▶ [Task item] Pictures in the records below must be left out. Return exactly the lines from the line with "里料材质:羊毛 | 制鞋工艺:胶贴皮鞋 |" to the line with "Сбербанк, банкомат по", both included.

▶ [Materials provided]
++++++
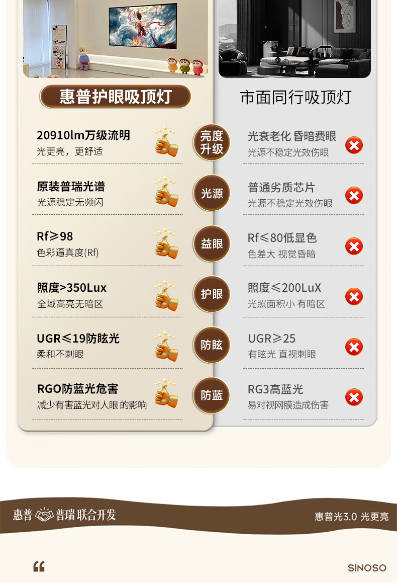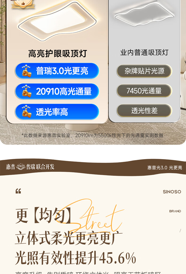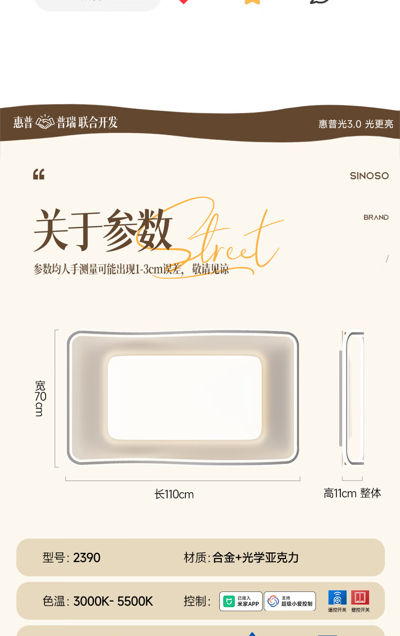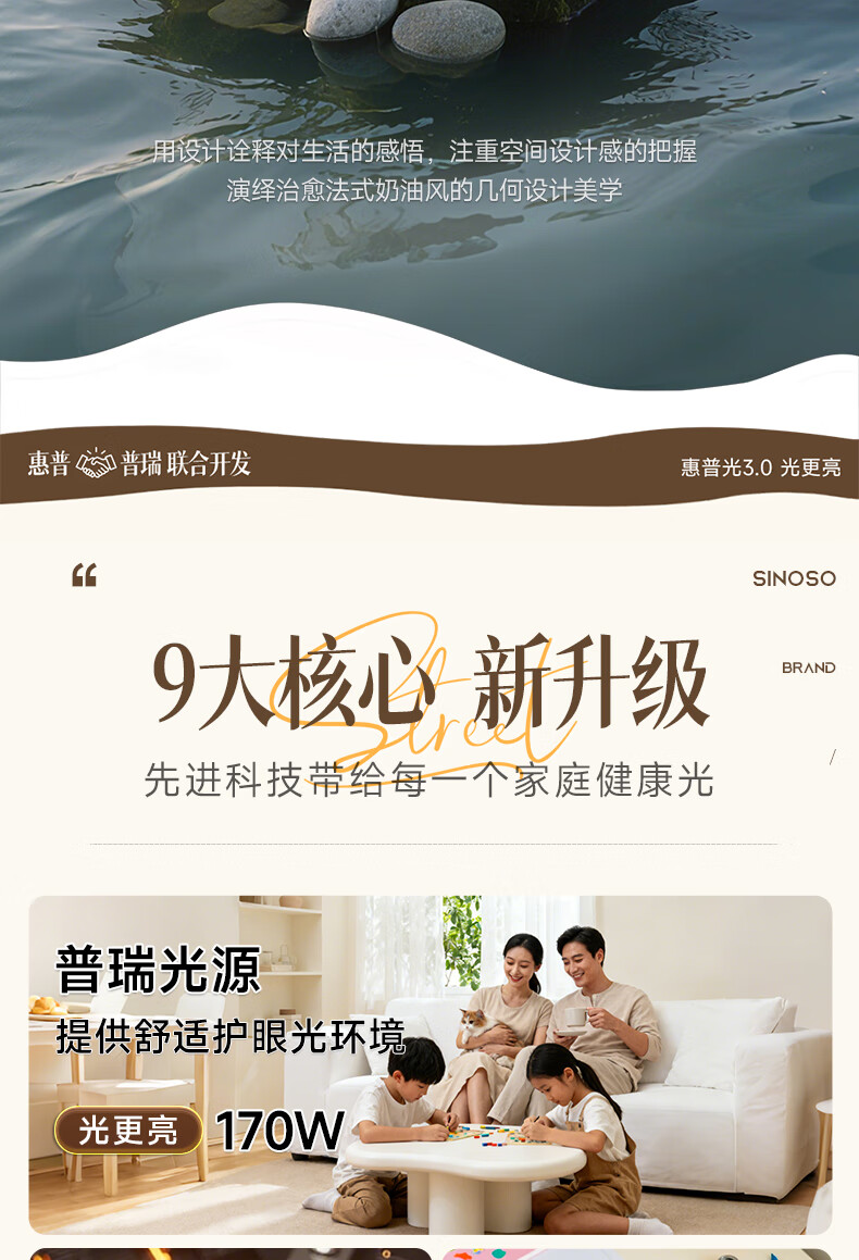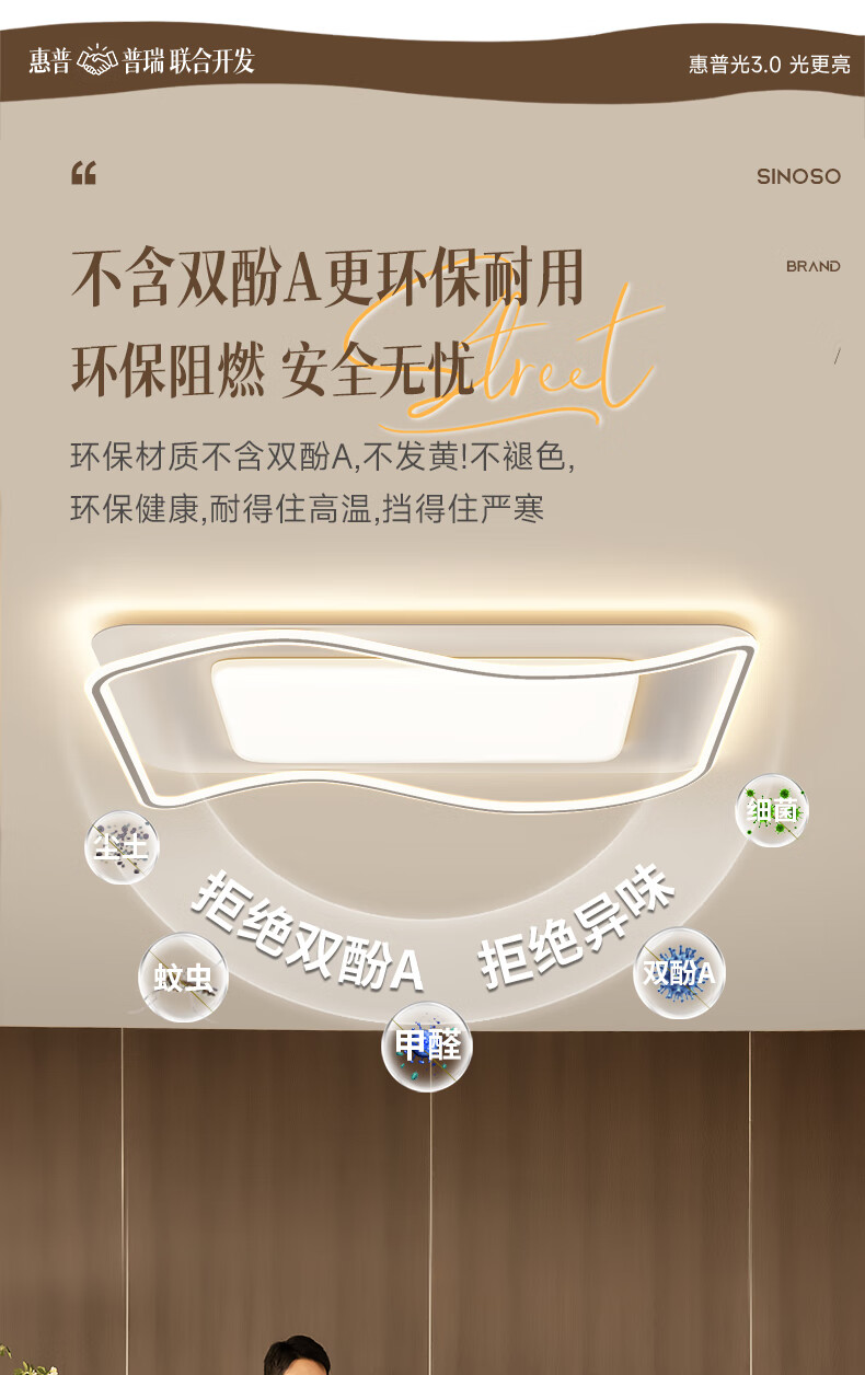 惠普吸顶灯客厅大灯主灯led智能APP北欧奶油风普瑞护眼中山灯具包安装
++++++
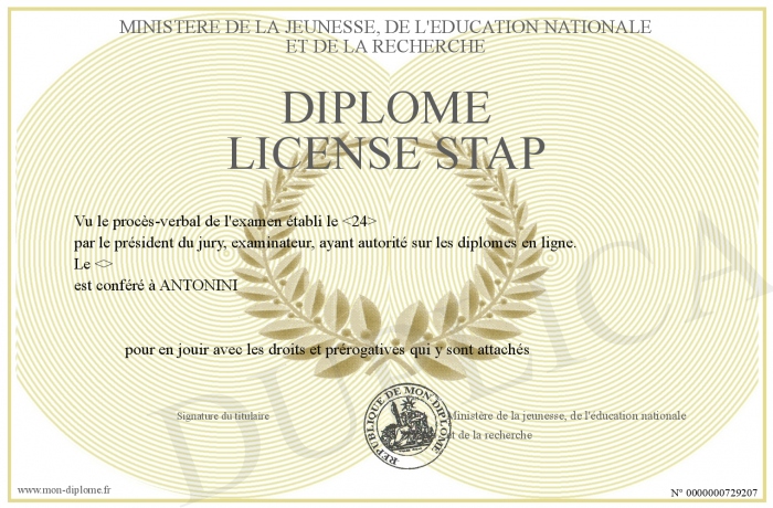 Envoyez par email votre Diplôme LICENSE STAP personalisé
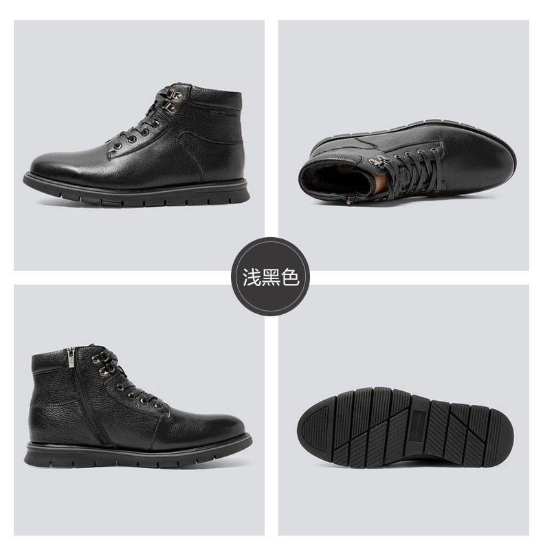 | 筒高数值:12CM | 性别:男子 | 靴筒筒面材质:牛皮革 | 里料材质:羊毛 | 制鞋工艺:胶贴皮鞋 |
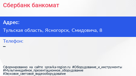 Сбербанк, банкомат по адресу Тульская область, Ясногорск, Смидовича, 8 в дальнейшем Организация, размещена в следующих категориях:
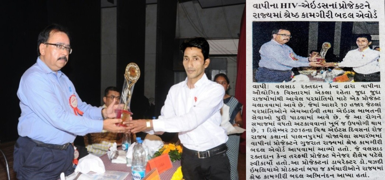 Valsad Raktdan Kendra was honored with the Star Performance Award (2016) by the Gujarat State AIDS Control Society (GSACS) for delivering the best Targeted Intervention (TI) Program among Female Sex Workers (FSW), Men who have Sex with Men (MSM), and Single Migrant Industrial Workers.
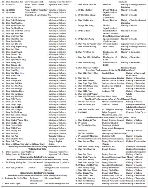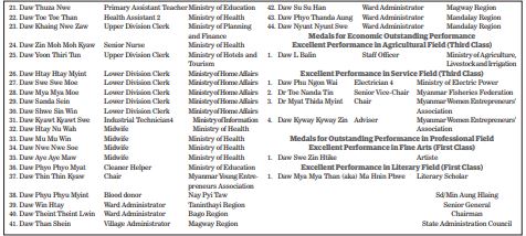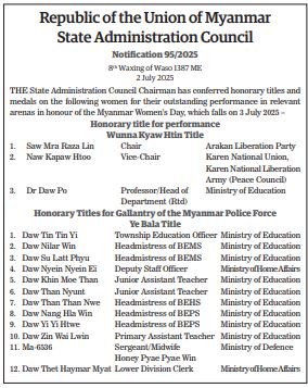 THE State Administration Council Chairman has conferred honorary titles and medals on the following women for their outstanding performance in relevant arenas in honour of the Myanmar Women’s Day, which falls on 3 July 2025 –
++++++
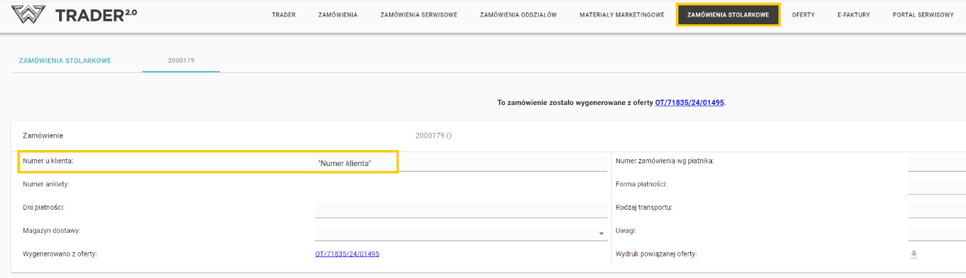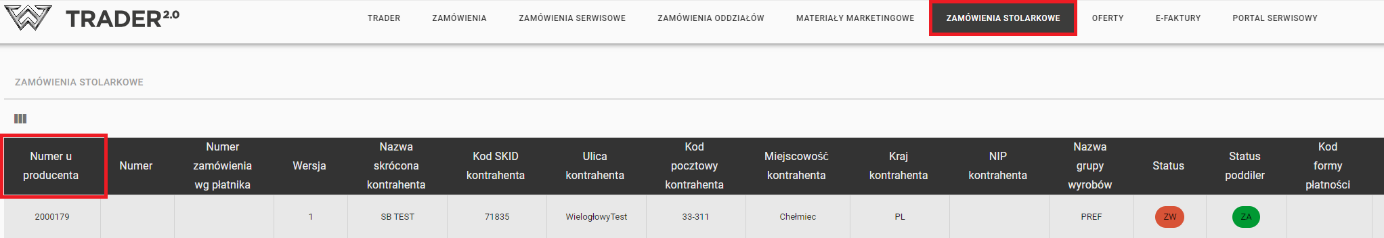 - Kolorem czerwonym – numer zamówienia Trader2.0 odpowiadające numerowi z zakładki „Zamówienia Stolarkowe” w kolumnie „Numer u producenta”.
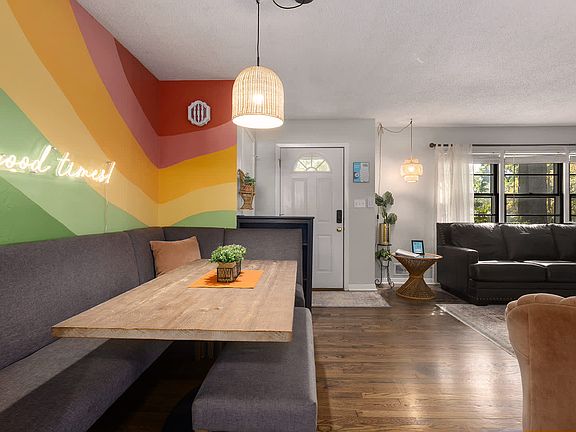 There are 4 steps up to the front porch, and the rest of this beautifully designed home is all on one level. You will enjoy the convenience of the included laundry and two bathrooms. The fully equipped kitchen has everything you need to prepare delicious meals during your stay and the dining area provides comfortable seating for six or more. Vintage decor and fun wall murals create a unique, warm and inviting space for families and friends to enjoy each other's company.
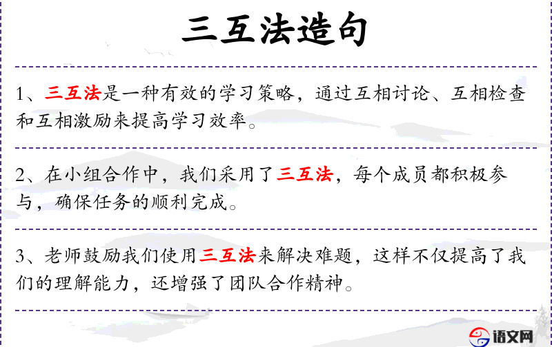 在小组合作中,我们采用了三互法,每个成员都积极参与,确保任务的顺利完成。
++++++
▶ [Problem solution]
 | 筒高数值:12CM | 性别:男子 | 靴筒筒面材质:牛皮革 | 里料材质:羊毛 | 制鞋工艺:胶贴皮鞋 |
 Сбербанк, банкомат по адресу Тульская область, Ясногорск, Смидовича, 8 в дальнейшем Организация, размещена в следующих категориях:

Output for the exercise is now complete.